Partners Have To Be Friends First

Vijai P. Sharma, Ph.D

A lot of people accept their friends just as they are, but when it comes to their partners they tend to be too critical and rather intolerant.

When I told this to a friend, he said, "Of course, you can accept friends just as they are because you are not married to them." He has a point, but research shows that you will do better if you treat your partner as your best friend. Among happily married couples, 70 % of the satisfaction in marriage is derived from the quality of friendship between them. So, it is the quality of friendship that determines if a marriage will survive in the long run.

Many partners think that if only their partner changes a little, their marriage might work. In most cases, waiting for your partner to change is not only futile, but you also run the risk of being burned out and totally frustrated. Asking your partner to change on demand may be more difficult than to demand changing of the guards in London to suit your schedule. It happens on their schedule, not yours. To be serious, acceptance rather than change is the key to a happy marriage.

Andrew Christenson, a noted marriage researcher emphasizes, "loving your partner, not in spite of your differences but because of the difference. It means loving your partner as a package deal, with no line-item veto."

When a marriage starts falling apart, partners search for explanations. They try to figure out what happened in the marriage and how they started drifting away from each other. Often their explanations are inaccurate because they are guided by self-serving interests and based on certain cultural myths. Here are a few examples of inaccurate explanations:

1. "We didn't have much in common," or "We didn't have the same interests." If that were true, you wouldn't have fallen in love in the first place. The fact is that given the same interests or hobbies, one set of partners work as a cohesive team while another set fights over "my way is better than yours."

2. "He didn't live up to his part of the deal." The fact is that when relationship begins to deteriorate, partners begin to keep score about who did what. When the relationship sours, partners begin to tally the score, for example, "I cooked the dinner, you can at least wash the dishes." In fact, partners in love just help each other without tallying the score.

3. "Our personalities clashed." Take for example John and Jane. When the knot was tied, John used to be a mild mannered and rather unassertive guy and Jane could be described as a strong-willed woman.

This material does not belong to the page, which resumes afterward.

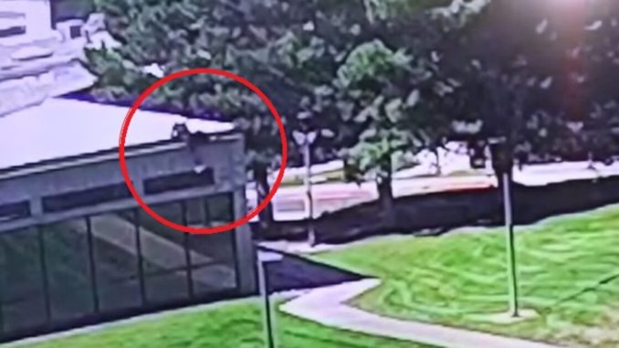 Surveillance video showing the suspect fleeing the scene after the shooting at Utah Valley University. This footage captures the individual jumping from a rooftop and running toward a wooded area.

As years went by, Jane became more and more controlling and John became more and more submissive. The cause of break-up: she saw him as nothing but a wimp and he saw her as a controlling witch. Neither could stand each other any longer. But another couple who we shall also call John and Jane had a different outcome. As years went by, John became more assertive and expressive and Jane began to yield more and more to his wishes and preferences. They lived happily ever after.

4. "Everything was going great in our marriage. Then, he (or she) had that affair." It may be accurate if the partner is compulsively promiscuous. Generally, an affair by itself doesn't ruin a marriage. An affair may be the last straw on the proverbial camel's back if the partnership has already ceased to exist. Sometimes, deprived partners, while seeking friendship, support, respect, or understanding stumble upon a relationship and "fall" into it.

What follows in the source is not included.